The deal includes an upfront payment of $36 million for Roche to gain access to PureTech’s technology that could support the oral delivery of the Swiss pharma’s antisense oligonucleotide products.
PureTech is also eligible to potentially receive development milestone payments of over $1 billion and additional sales milestones and royalties for an undisclosed number of products.

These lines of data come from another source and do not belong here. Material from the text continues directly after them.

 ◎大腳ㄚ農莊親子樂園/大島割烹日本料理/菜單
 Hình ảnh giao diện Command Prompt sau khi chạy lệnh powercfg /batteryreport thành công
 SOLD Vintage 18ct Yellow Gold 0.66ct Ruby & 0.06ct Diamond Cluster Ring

The deal focuses on Puretech’s milk exosome-based technology. Exosomes, which contain mixtures of lipids, proteins and nucleic acids, play a critical role in intercellular communication and the transport of macromolecules between cells and tissues, said PureTech in a
statement.
The theory is that exosomes that are derived from the milk of mammals can serve as vehicles for the administration of drugs, especially nucleic acids, since their natural composition could provide superior tolerability over synthetic polymers currently in use.
There have been difficulties so far in developing these types of product as the harsh environment of the stomach and small intestine makes oral exosome products derived from milk unstable. However, PureTech said that the exosomes that form its technology platform have “evolved naturally and specifically to accomplish the task of oral transport of complex biological molecules”.

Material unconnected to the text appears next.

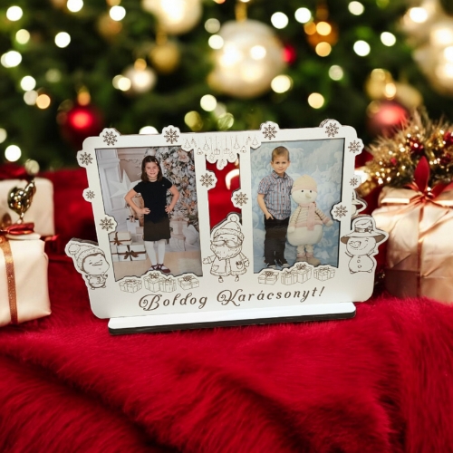 Karácsonyi Képtartó Egyedi Gravírral – Egy vagy Két Fotó Számára

Roche is counting on the technology to be able to allow oral administration of its range of antisense oligonucleotide drugs in development. Oligonucleotides are synthetic single-stranded strings of nucleic acids that bind to RNA and can alter or reduce expression of mutant proteins. They are generally used to treat genetic conditions where there are mutated genes.
Approved antisense oligonucleotides, such as Biogen’s Spinraza (nusinersen) for spinal muscular atrophy and Sarepta’s Exondys 51 (eteplirsen) for Duchenne muscular dystrophy, tend to be given by injection.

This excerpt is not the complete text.